Hard1 markMultiple Choice
Area 1: EthicsAUDInternal ControlCommunication

CPA · Question 08 · Area 1: Ethics

In an audit of a non-issuer, the auditor discovers a material weakness in internal control. The auditor is not engaged to perform an audit of internal control over financial reporting. Which of the following is the auditor's responsibility regarding communication?

Answer options:

A.

Communicate the material weakness orally to management immediately, but no written report is required.

B.

Communicate the material weakness in writing to management and those charged with governance within 60 days of the report release date.

C.

Issue an adverse opinion on the financial statements due to the material weakness.

D.

Resign from the engagement immediately.

How to approach this question

Recall AU-C 265 requirements.
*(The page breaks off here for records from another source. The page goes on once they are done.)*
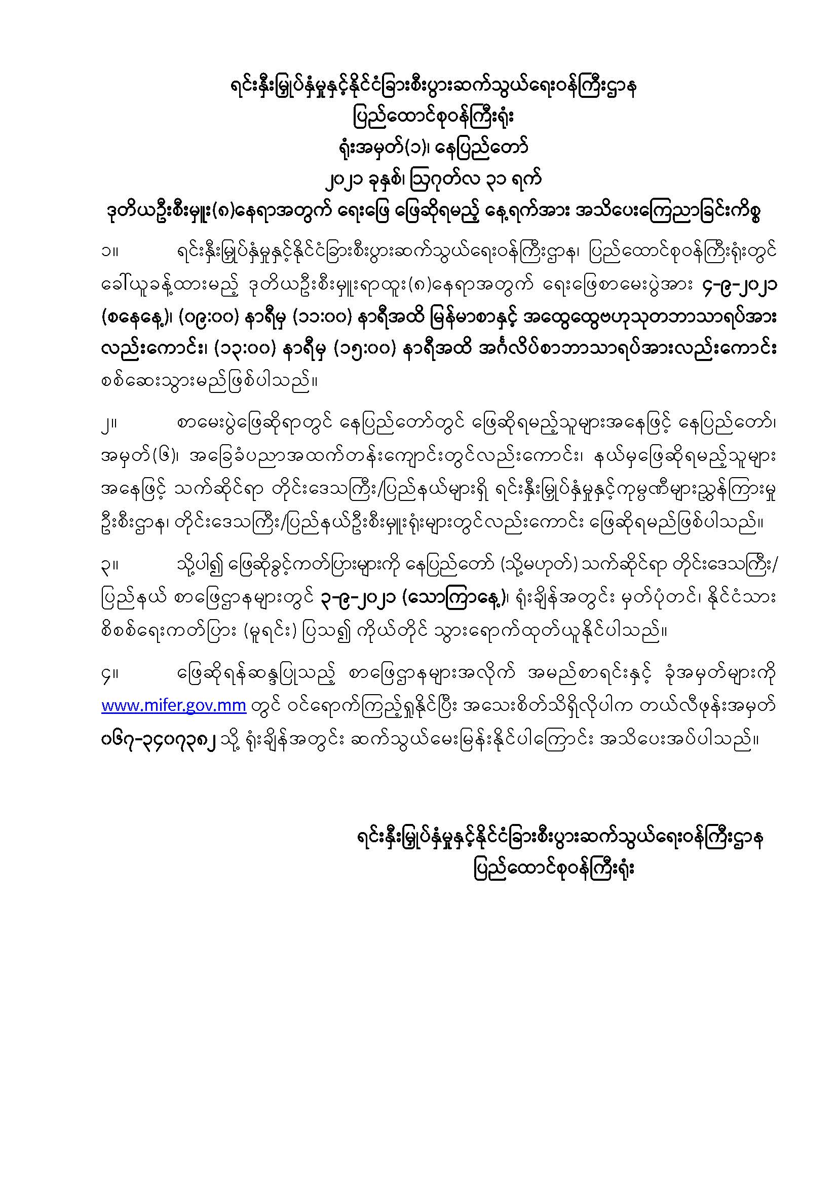 ရင်းနှီးမြှုပ်နှံမှုနှင့် နိုင်ငံခြားစီးပွားဆက်သွယ်ရေးဝန်ကြီးဌာန၊ ပြည်ထောင်စုဝန်ကြီးရုံးတွင် လစ်လပ်လျက်ရှိသည့် ဒုတိယဦးစီးမှူး(၈) နေရာ ခန့်အပ်နိုင်ရေးအတွက် ဖြေဆိုရမည့် စာစစ်ဌာနနှင့် ခုံအမှတ်စာရင်းများ ကြေညာခြင်း
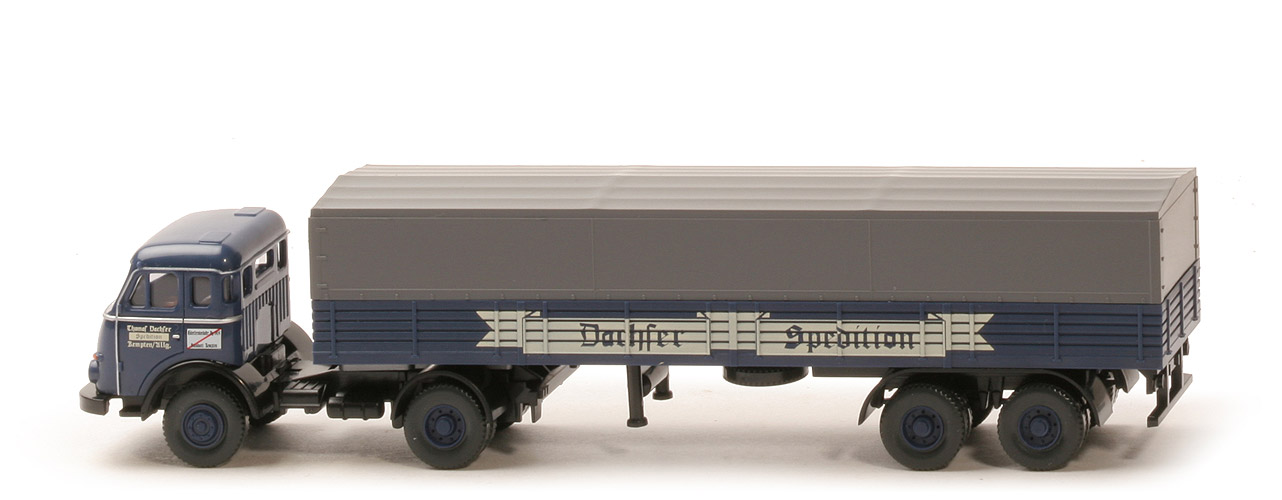 Sondermodell für Dachser, das in Restbeständen von Reinhardt Spielwaren vertrieben wurde (Nr. WIWFS54303700000). Erstmals gibt es hier das neue Fahrerhaus auf einem 2-Achs-Chassis. Sattelzüge aus der Zeit des Originals hatten eher noch keinen Unterfahrschutz. |
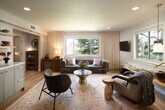 Welcome to the thoughtfully designed "Rockridge Ryokan", a one-bedroom flat in Oakland overlooking a beautiful Japanese garden with peekaboo views of the Bay. With a blend of mid-century modern decor and Japanese-inspired aesthetics, the space is designed for those who appreciate attention to detail. Neutral tones and unique decor elements create a warm and inviting atmosphere. While the home offers a peaceful view, a family lives upstairs, so there may be occasional noise. The main living area is open concept, with a spacious layout that flows naturally from the kitchen to the lounge area. The sofa folds out into a comfortable, foam tatami-style queen mattress. In the living room, a flat screen smart TV with adjustable arms makes it easy to enjoy from any angle. The master bedroom features a hotel-grade California king-size bed and an expansive walk-in closet. A dedicated workspace in the bedroom is perfect for remote work. The table easily converts into a standing desk, offering flexibility and comfort throughout your day. The en suite bathroom can only be accessed through the master bedroom and features radiant heated floors, a luxurious deep soaking tub, and a separate shower. The Clarino quartz countertops and soothing neutral tones add a spa-like finish reminiscent of a Japanese onsen—serene, minimal, and grounded in natural beauty. The kitchen is fully equipped with modern appliances including a dishwasher and stocked with cooking essentials to prepare a great meal. Coffee lovers will find everything they need to brew the perfect cup, including a V60 pour-over set-up, a classic French press, and a Bonavita drip coffee maker—each offering a different experience to suit your morning ritual. The kitchen also includes a Fellow Stagg EKG gooseneck kettle and a Fellow Ode burr coffee grinder to ensure precision and freshness in every brew. This apartment is a 7-minute drive from the vibrant Rockridge area and BART. The V bus line to the San Francisco Salesforce Transit Center is a 15-minute walk. For your daily needs, a charming neighborhood market, local cafe, gas station, and plant nursery are all just a 15-minute walk away. Check-in is typically at 3PM, and checkout is at 11AM, unless agreed upon with prior notice. If you’d like to invite additional guests or bring pets, arrangements must be made in advance. All visitors count as guests to compensate for cleaning resources. In consideration of the neighbors, events and gatherings are not permitted unless explicitly agreed upon. Smoking is not permitted on the premises. Quiet hours start at 10PM and end at 8AM to respect our neighbors. Includes a dedicated workspace in the bedroom perfect for remote work. The table easily converts into a standing desk, offering flexibility and comfort throughout your day.
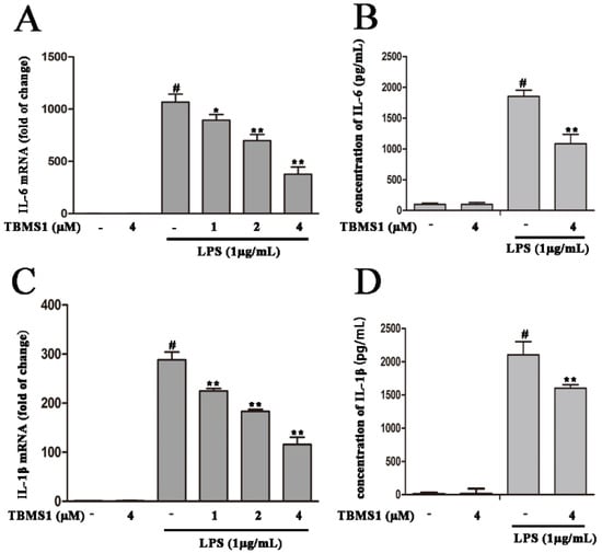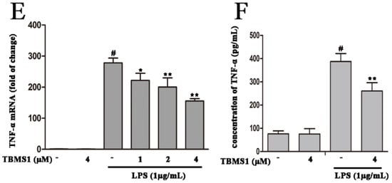 2.5. TBMS1 Inhibits the Production of Pro-Inflammatory Cytokines in LPS-Exposed BV-2 Cells
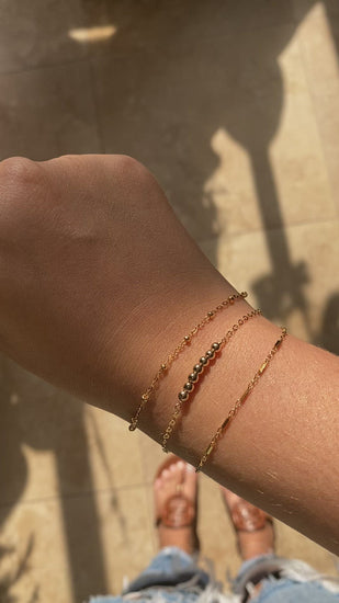 Sleek, minimal, and timeless ✨ The Bead Bar Bracelet features seven round, polished 14K gold-filled beads centered on a delicate flat cable chain. Lightweight and refined, it’s perfect for everyday wear or layering with other bracelets for a modern, effortless look. Tarnish resistant, hypoallergenic, and made to last — a must-have addition to your capsule jewelry collection.
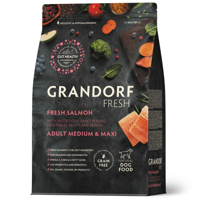 Сухой беззерновой корм со свежим филе лосося и бататом предназначен для взрослых собак средних и крупных пород. Благодаря живым пробиотикам, он способствует улучшению здоровья кожи и шерсти, а также подходит для собак, склонных к аллергическим реакциям.

Written communication is mandatory for significant deficiencies and material weaknesses.

Full Answer

B.Communicate the material weakness in writing to management and those charged with governance within 60 days of the report release date.✓ Correct
Communicate the material weakness in writing to management and those charged with governance within 60 days of the report release date.
The auditor must communicate in writing to those charged with governance and management significant deficiencies and material weaknesses identified during the audit. This communication is required by the report release date (for issuers) or within 60 days of the report release date (for non-issuers).

Common mistakes

Thinking an adverse opinion on FS is required, or that oral communication is sufficient.